§ Task item
Treat the line with "今(4画)林(8画) 晃(10画)志(7画)朗(11画)" as the starting point. Write it out and every line after it through the end of the listing below, exactly.

§ Material provided
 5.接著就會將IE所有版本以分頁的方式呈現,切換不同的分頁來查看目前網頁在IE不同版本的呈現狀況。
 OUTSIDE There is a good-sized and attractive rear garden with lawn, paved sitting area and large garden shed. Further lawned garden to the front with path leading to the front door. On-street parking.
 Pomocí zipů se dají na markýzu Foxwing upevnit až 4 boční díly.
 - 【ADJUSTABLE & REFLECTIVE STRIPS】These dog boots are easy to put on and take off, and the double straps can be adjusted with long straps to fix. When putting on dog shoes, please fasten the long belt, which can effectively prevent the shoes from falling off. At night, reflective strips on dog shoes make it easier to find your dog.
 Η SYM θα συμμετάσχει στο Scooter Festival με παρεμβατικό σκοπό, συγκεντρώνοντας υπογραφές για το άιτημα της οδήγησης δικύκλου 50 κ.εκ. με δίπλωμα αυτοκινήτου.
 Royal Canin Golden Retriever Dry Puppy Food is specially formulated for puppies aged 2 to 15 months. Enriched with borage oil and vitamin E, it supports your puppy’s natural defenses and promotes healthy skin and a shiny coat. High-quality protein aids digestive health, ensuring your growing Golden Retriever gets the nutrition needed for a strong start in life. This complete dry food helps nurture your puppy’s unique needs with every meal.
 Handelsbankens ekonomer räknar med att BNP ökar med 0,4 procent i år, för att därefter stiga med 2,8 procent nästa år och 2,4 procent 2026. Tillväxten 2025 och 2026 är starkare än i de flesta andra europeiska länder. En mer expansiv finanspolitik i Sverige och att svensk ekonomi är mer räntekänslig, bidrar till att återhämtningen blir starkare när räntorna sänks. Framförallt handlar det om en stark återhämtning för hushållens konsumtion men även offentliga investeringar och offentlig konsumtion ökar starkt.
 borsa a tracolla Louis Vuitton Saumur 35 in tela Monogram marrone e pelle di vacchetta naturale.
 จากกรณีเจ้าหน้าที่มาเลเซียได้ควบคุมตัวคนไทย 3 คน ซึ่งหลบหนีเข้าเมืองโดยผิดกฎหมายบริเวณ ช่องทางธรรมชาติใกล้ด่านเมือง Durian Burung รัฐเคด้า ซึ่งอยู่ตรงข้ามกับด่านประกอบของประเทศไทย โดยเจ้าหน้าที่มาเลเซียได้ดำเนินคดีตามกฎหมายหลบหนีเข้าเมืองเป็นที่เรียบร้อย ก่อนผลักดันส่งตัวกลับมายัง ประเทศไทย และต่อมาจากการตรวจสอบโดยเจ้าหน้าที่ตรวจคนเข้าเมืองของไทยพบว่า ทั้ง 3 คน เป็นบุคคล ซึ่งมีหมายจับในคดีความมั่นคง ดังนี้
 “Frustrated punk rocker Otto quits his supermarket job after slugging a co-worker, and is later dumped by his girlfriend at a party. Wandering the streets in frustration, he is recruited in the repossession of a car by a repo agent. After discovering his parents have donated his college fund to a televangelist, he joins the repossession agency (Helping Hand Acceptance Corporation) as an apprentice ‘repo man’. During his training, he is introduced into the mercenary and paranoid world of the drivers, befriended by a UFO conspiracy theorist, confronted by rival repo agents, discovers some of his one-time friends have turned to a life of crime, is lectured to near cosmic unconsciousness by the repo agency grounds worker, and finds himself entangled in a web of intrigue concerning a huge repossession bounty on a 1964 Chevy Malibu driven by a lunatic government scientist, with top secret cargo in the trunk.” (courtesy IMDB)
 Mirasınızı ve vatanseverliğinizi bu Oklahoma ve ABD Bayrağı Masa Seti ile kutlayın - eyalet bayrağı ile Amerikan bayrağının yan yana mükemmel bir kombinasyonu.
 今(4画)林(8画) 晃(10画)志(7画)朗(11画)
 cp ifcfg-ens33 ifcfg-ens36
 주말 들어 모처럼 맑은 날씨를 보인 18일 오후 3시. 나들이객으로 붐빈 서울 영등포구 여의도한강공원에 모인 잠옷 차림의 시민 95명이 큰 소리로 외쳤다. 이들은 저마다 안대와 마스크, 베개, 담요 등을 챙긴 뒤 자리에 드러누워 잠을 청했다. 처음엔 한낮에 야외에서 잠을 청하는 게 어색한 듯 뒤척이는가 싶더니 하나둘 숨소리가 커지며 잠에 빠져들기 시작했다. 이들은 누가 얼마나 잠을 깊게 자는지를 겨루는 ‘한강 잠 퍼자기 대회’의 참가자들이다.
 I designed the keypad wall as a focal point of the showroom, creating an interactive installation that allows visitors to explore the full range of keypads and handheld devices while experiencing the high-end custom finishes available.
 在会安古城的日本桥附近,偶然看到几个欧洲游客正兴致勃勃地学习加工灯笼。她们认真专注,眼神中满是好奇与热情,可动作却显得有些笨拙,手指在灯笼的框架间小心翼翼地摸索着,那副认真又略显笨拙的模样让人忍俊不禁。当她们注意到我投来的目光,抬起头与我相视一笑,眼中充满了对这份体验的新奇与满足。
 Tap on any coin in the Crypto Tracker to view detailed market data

§ Answer to this task
 今(4画)林(8画) 晃(10画)志(7画)朗(11画)
 cp ifcfg-ens33 ifcfg-ens36
 주말 들어 모처럼 맑은 날씨를 보인 18일 오후 3시. 나들이객으로 붐빈 서울 영등포구 여의도한강공원에 모인 잠옷 차림의 시민 95명이 큰 소리로 외쳤다. 이들은 저마다 안대와 마스크, 베개, 담요 등을 챙긴 뒤 자리에 드러누워 잠을 청했다. 처음엔 한낮에 야외에서 잠을 청하는 게 어색한 듯 뒤척이는가 싶더니 하나둘 숨소리가 커지며 잠에 빠져들기 시작했다. 이들은 누가 얼마나 잠을 깊게 자는지를 겨루는 ‘한강 잠 퍼자기 대회’의 참가자들이다.
 I designed the keypad wall as a focal point of the showroom, creating an interactive installation that allows visitors to explore the full range of keypads and handheld devices while experiencing the high-end custom finishes available.
 在会安古城的日本桥附近,偶然看到几个欧洲游客正兴致勃勃地学习加工灯笼。她们认真专注,眼神中满是好奇与热情,可动作却显得有些笨拙,手指在灯笼的框架间小心翼翼地摸索着,那副认真又略显笨拙的模样让人忍俊不禁。当她们注意到我投来的目光,抬起头与我相视一笑,眼中充满了对这份体验的新奇与满足。
 Tap on any coin in the Crypto Tracker to view detailed market data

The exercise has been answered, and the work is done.